DIRECTIONS -
Below are the records; give again exactly the lines from the one containing "Converse Chuck Taylor" through the one containing "今日分享的中文聖經:「就是亞", leaving out pictures.

TASK INPUT -
+++

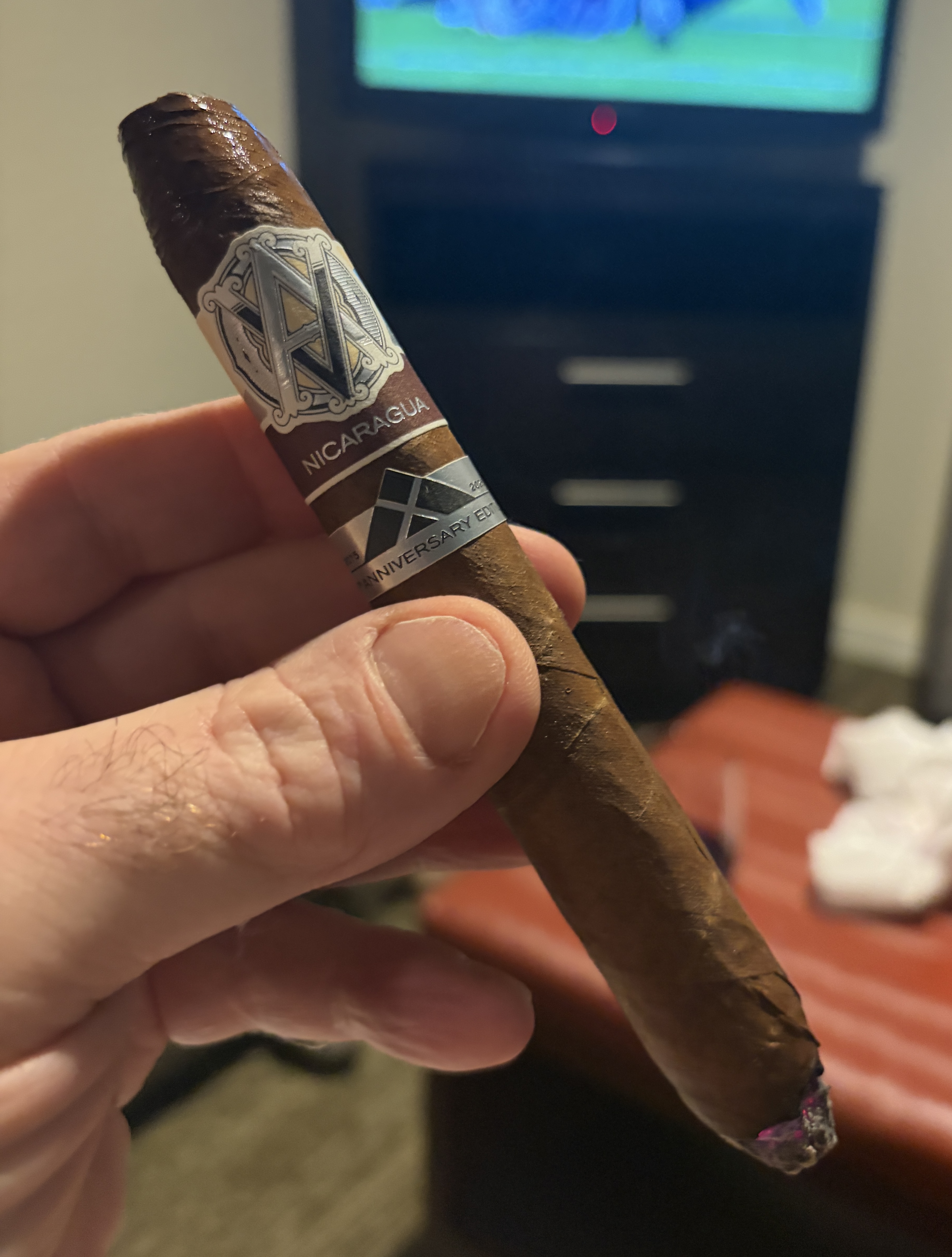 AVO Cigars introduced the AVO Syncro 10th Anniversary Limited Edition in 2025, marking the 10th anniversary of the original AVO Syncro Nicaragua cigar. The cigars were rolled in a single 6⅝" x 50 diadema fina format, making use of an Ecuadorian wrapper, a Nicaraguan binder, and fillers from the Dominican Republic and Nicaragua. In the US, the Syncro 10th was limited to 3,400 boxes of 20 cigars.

+++

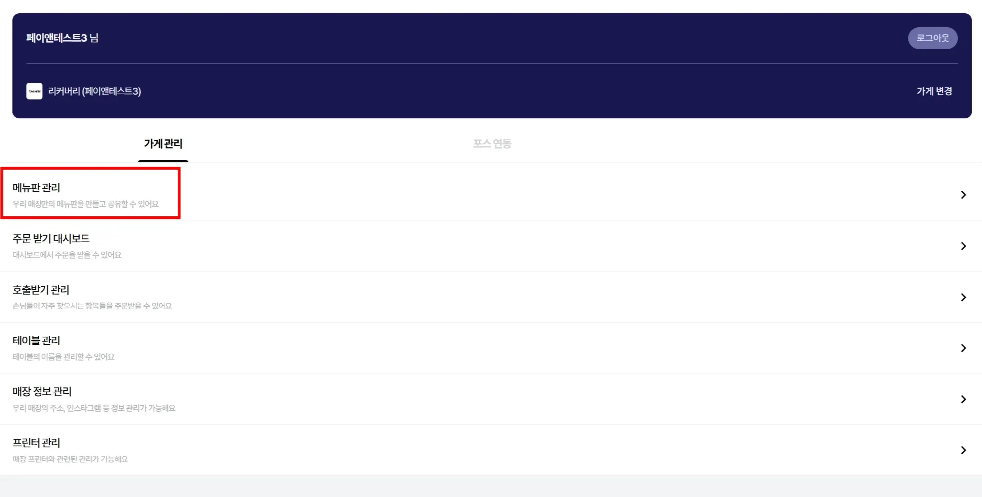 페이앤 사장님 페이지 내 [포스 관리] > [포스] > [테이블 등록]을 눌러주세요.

+++

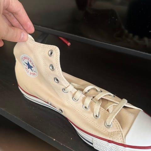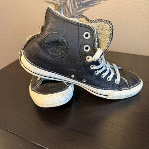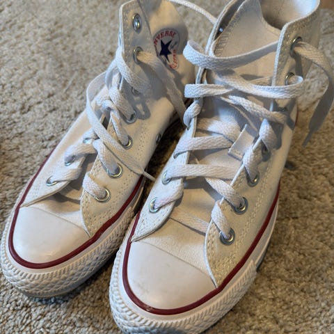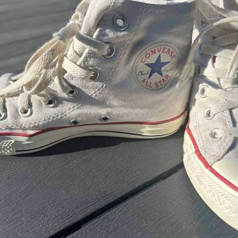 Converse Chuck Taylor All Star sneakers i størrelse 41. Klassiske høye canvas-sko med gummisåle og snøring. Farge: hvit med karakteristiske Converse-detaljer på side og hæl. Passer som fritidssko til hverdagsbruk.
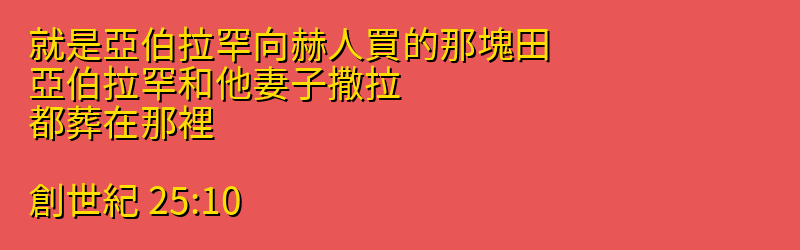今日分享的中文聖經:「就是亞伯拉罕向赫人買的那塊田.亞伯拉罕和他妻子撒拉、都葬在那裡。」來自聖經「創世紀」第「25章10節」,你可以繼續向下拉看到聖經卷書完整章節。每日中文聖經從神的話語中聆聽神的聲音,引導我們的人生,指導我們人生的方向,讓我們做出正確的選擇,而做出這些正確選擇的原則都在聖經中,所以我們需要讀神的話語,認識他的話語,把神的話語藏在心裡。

+++

TASK ANSWER -
 Converse Chuck Taylor All Star sneakers i størrelse 41. Klassiske høye canvas-sko med gummisåle og snøring. Farge: hvit med karakteristiske Converse-detaljer på side og hæl. Passer som fritidssko til hverdagsbruk.
今日分享的中文聖經:「就是亞伯拉罕向赫人買的那塊田.亞伯拉罕和他妻子撒拉、都葬在那裡。」來自聖經「創世紀」第「25章10節」,你可以繼續向下拉看到聖經卷書完整章節。每日中文聖經從神的話語中聆聽神的聲音,引導我們的人生,指導我們人生的方向,讓我們做出正確的選擇,而做出這些正確選擇的原則都在聖經中,所以我們需要讀神的話語,認識他的話語,把神的話語藏在心裡。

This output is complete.